◆ WORK ORDER: If a record holds a picture, omit that picture and copy everything else exactly.
◆ ◆ ◆ ◆ ◆ ◆ ◆
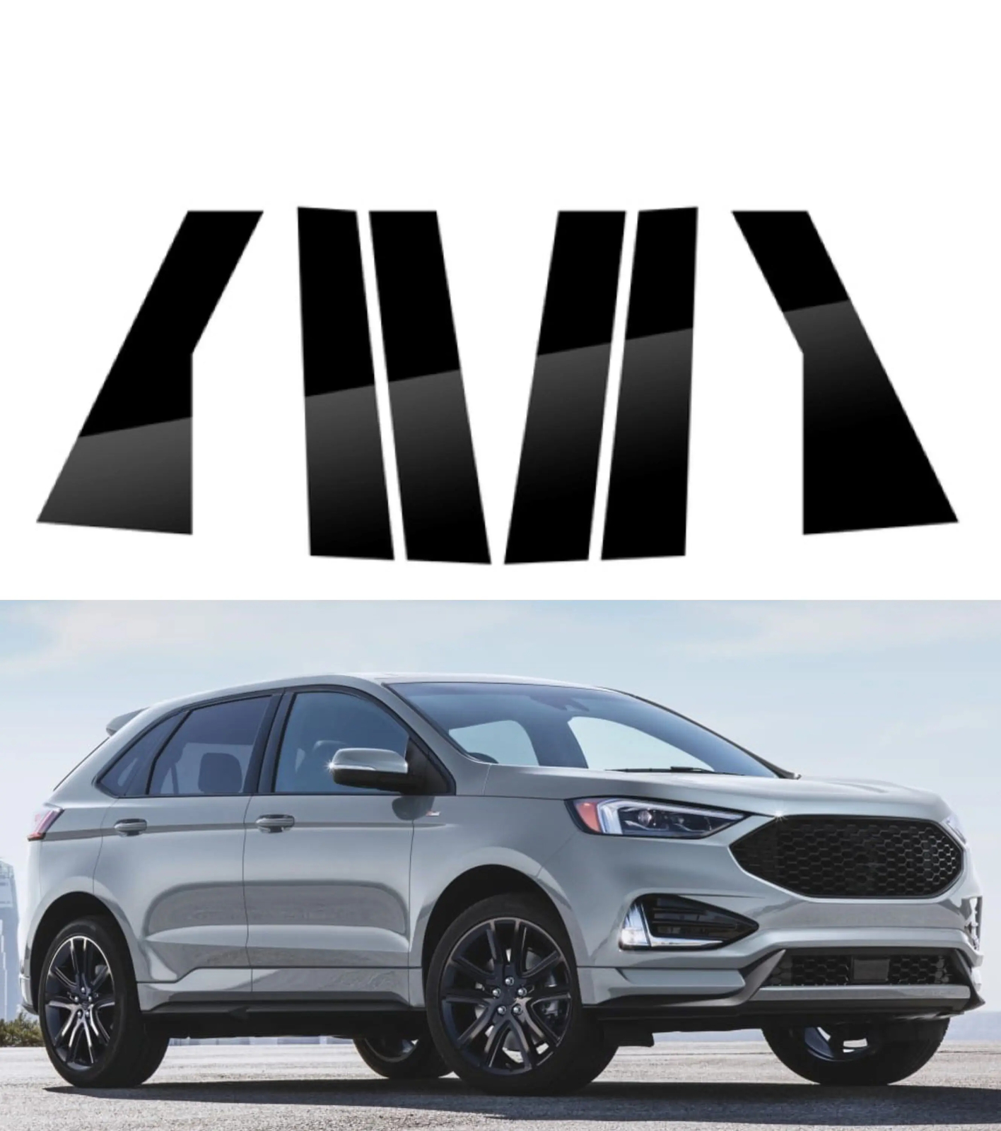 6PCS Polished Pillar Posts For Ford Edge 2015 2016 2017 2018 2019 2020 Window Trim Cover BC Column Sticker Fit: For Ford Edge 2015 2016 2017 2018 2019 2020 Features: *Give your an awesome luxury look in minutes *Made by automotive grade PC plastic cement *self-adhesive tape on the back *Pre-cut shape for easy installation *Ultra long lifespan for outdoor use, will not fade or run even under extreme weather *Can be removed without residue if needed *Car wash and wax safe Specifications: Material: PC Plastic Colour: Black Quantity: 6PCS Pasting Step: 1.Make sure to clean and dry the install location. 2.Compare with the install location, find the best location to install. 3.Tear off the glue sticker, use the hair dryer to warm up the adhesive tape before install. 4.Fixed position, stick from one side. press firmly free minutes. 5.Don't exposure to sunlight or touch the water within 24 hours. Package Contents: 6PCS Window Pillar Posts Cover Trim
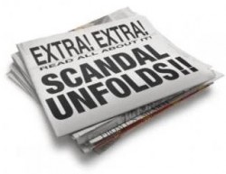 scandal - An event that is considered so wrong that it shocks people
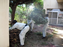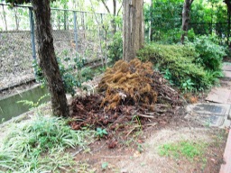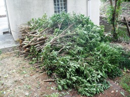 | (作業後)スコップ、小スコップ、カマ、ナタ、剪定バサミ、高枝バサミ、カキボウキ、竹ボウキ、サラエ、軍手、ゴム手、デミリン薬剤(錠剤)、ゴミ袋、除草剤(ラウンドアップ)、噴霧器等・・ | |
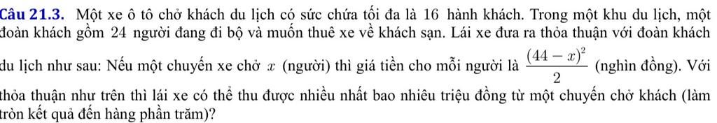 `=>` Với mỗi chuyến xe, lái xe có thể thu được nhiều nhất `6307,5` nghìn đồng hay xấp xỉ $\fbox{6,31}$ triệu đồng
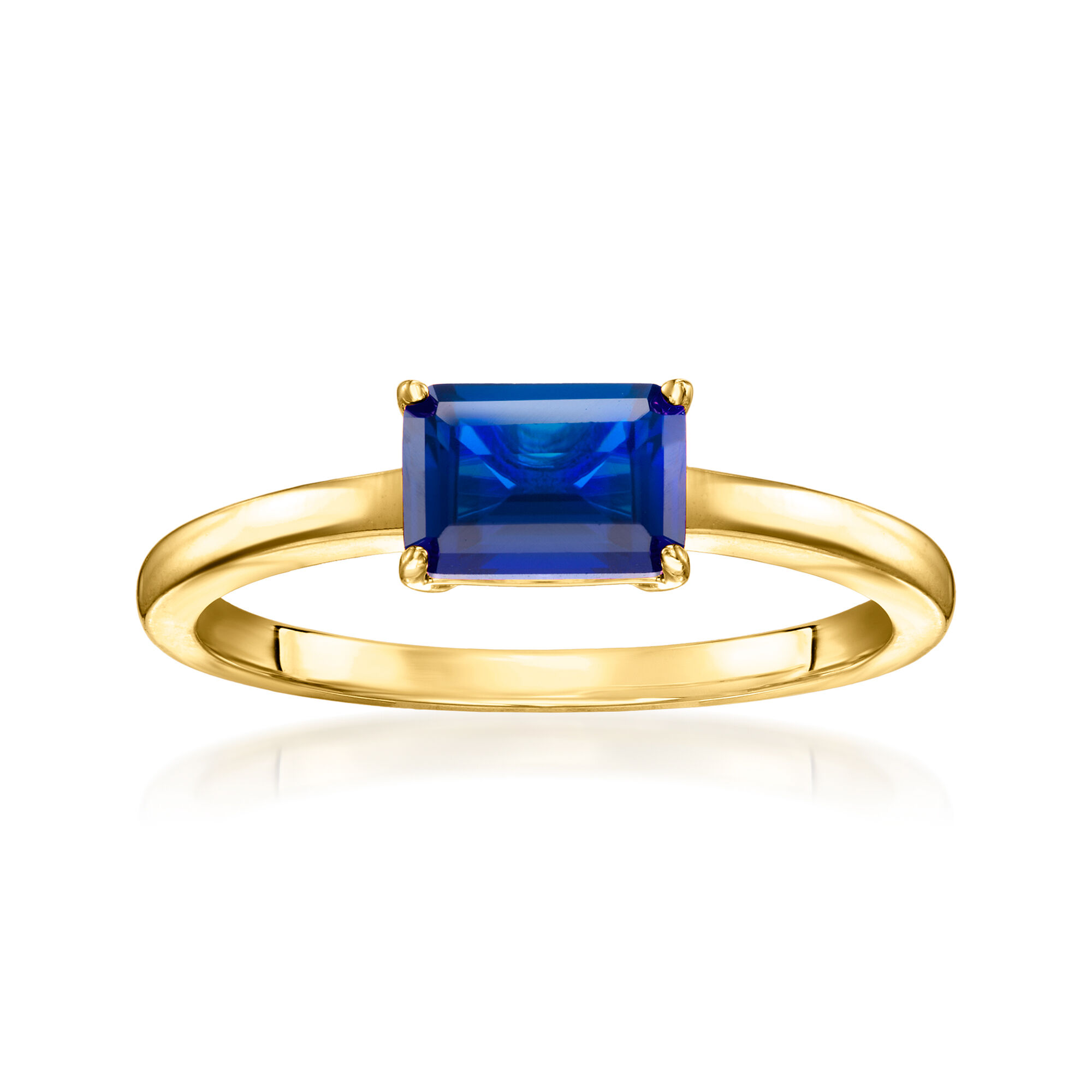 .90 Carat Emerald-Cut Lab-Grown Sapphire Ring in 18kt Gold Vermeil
◆ ◆ ◆ ◆ ◆ ◆ ◆
◆ SOLUTION TO THE PROBLEM:
 6PCS Polished Pillar Posts For Ford Edge 2015 2016 2017 2018 2019 2020 Window Trim Cover BC Column Sticker Fit: For Ford Edge 2015 2016 2017 2018 2019 2020 Features: *Give your an awesome luxury look in minutes *Made by automotive grade PC plastic cement *self-adhesive tape on the back *Pre-cut shape for easy installation *Ultra long lifespan for outdoor use, will not fade or run even under extreme weather *Can be removed without residue if needed *Car wash and wax safe Specifications: Material: PC Plastic Colour: Black Quantity: 6PCS Pasting Step: 1.Make sure to clean and dry the install location. 2.Compare with the install location, find the best location to install. 3.Tear off the glue sticker, use the hair dryer to warm up the adhesive tape before install. 4.Fixed position, stick from one side. press firmly free minutes. 5.Don't exposure to sunlight or touch the water within 24 hours. Package Contents: 6PCS Window Pillar Posts Cover Trim
 scandal - An event that is considered so wrong that it shocks people
 | (作業後)スコップ、小スコップ、カマ、ナタ、剪定バサミ、高枝バサミ、カキボウキ、竹ボウキ、サラエ、軍手、ゴム手、デミリン薬剤(錠剤)、ゴミ袋、除草剤(ラウンドアップ)、噴霧器等・・ | |
 `=>` Với mỗi chuyến xe, lái xe có thể thu được nhiều nhất `6307,5` nghìn đồng hay xấp xỉ $\fbox{6,31}$ triệu đồng
 .90 Carat Emerald-Cut Lab-Grown Sapphire Ring in 18kt Gold Vermeil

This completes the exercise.